* [EXERCISE BRIEF] Here the job is to repeat the listing exactly, but not the pictures in it.

* [RECORDS FOR THE TASK]

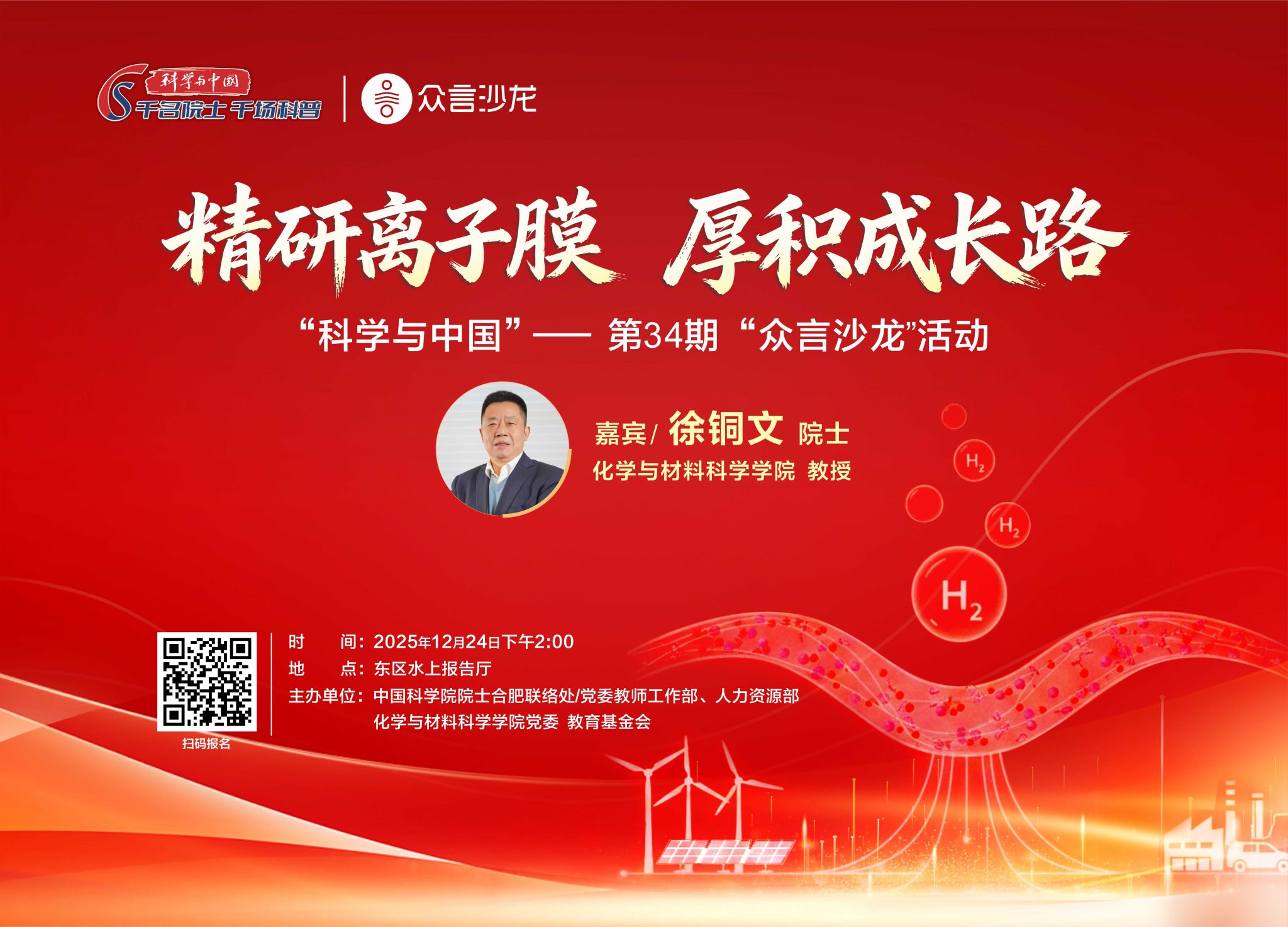 为弘扬科学精神,讲述院士故事,营造热爱科学、崇尚创新的浓厚氛围,“科学与中国”——第34期“众言沙龙”活动将以“精研离子膜 厚积成长路”为主题,邀请中国科学院院士、化学与材料科学学院徐铜文教授作为嘉宾,与校内师生面对面交流。
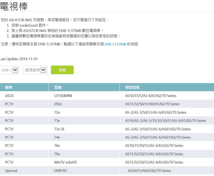 ▼這邊是Asustou NAS所支援的電視棒型號,比較可惜的是支援的型號並不多,而且支援清單的更新也蠻久沒有更新了~ 希望原廠可以好好的在這方面進行維護,別讓這好用的功能消失。
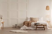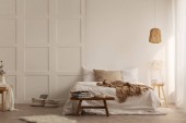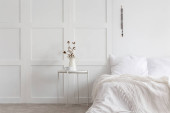 Drewniane drzwi i lampy w sypialni białe wnętrze z koc na łóżku i kwiaty na stole. Prawdziwe zdjęcie
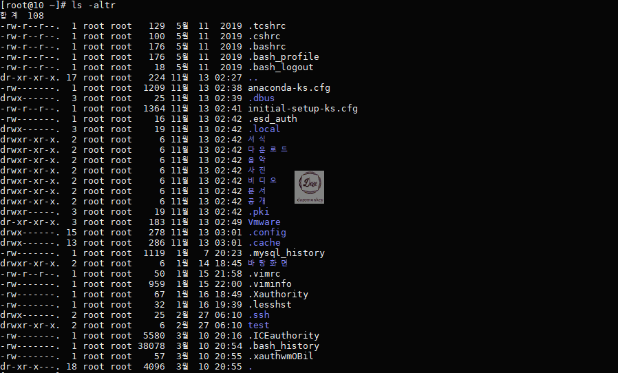ls -altr 명령어를 입력하면 디렉토리의 목록을 최근 작업 파일을 기준으로 정렬해서 보여준다.
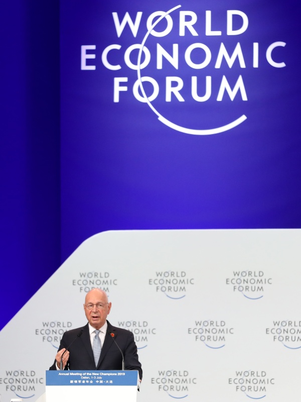 7月2日,世界經(jīng)濟(jì)論壇創(chuàng)始人兼執(zhí)行主席克勞斯·施瓦布在開幕式上致辭。新華社記者 姚劍鋒 攝
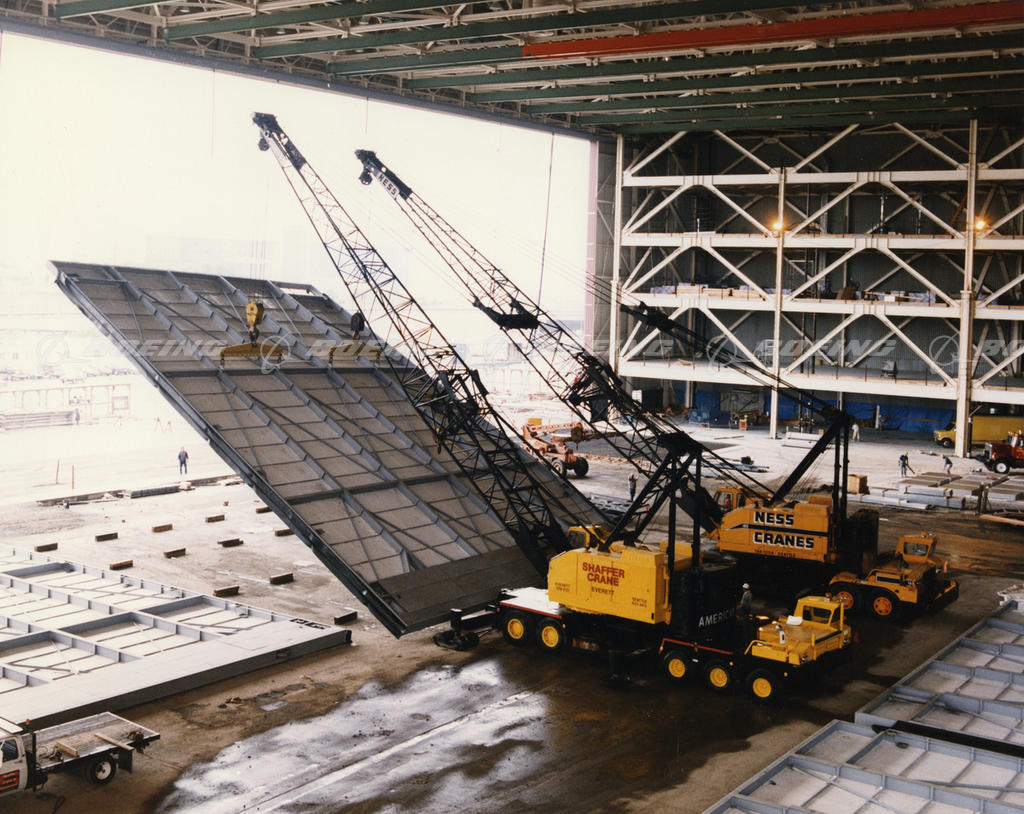 Erecting main doors in Boeing Everett factory (circa 1968)

* [ANSWER SPACE]
 为弘扬科学精神,讲述院士故事,营造热爱科学、崇尚创新的浓厚氛围,“科学与中国”——第34期“众言沙龙”活动将以“精研离子膜 厚积成长路”为主题,邀请中国科学院院士、化学与材料科学学院徐铜文教授作为嘉宾,与校内师生面对面交流。
 ▼這邊是Asustou NAS所支援的電視棒型號,比較可惜的是支援的型號並不多,而且支援清單的更新也蠻久沒有更新了~ 希望原廠可以好好的在這方面進行維護,別讓這好用的功能消失。
 Drewniane drzwi i lampy w sypialni białe wnętrze z koc na łóżku i kwiaty na stole. Prawdziwe zdjęcie
ls -altr 명령어를 입력하면 디렉토리의 목록을 최근 작업 파일을 기준으로 정렬해서 보여준다.
 7月2日,世界經(jīng)濟(jì)論壇創(chuàng)始人兼執(zhí)行主席克勞斯·施瓦布在開幕式上致辭。新華社記者 姚劍鋒 攝
 Erecting main doors in Boeing Everett factory (circa 1968)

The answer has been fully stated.